:: DATA TO PROCESS ::
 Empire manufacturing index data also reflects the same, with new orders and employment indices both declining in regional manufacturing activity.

---

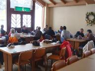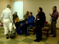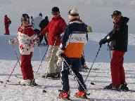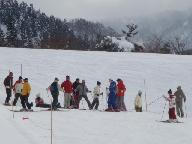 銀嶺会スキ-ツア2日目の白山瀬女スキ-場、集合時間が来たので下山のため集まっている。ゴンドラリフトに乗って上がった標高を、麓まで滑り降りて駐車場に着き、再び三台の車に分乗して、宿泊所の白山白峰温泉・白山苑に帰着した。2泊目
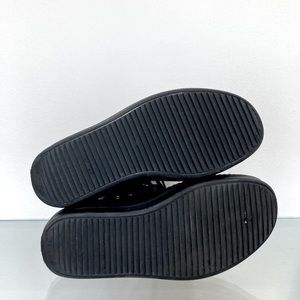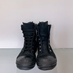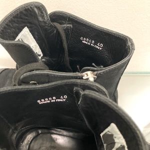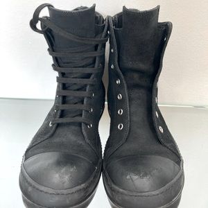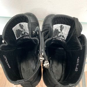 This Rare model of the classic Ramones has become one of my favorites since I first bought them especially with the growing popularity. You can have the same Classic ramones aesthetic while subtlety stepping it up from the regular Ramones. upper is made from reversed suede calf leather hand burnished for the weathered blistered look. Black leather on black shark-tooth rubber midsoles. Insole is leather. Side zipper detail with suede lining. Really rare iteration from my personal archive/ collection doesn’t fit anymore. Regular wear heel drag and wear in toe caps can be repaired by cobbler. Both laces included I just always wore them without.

---

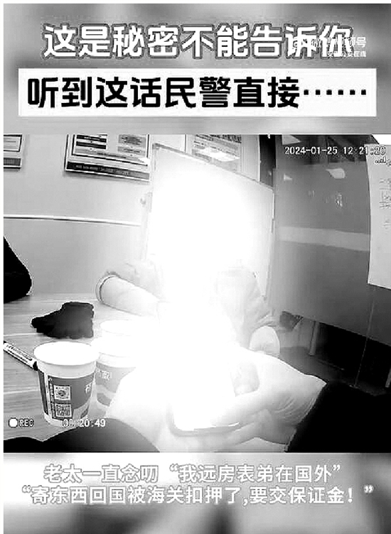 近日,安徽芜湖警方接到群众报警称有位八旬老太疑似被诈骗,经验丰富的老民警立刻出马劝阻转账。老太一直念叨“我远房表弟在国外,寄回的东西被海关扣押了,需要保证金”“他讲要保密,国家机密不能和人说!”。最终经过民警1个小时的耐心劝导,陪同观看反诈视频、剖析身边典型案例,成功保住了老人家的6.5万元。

:: INSTRUCTIONS FOR THE TASK ::
Produce an exact reproduction of the listing above, limited to the lines starting at the line with "銀嶺会スキ-ツア2日目の白山" and ending at the line with "This Rare model", both kept, with every picture left out.

:: OUTPUT OF THE EXERCISE ::
 銀嶺会スキ-ツア2日目の白山瀬女スキ-場、集合時間が来たので下山のため集まっている。ゴンドラリフトに乗って上がった標高を、麓まで滑り降りて駐車場に着き、再び三台の車に分乗して、宿泊所の白山白峰温泉・白山苑に帰着した。2泊目
 This Rare model of the classic Ramones has become one of my favorites since I first bought them especially with the growing popularity. You can have the same Classic ramones aesthetic while subtlety stepping it up from the regular Ramones. upper is made from reversed suede calf leather hand burnished for the weathered blistered look. Black leather on black shark-tooth rubber midsoles. Insole is leather. Side zipper detail with suede lining. Really rare iteration from my personal archive/ collection doesn’t fit anymore. Regular wear heel drag and wear in toe caps can be repaired by cobbler. Both laces included I just always wore them without.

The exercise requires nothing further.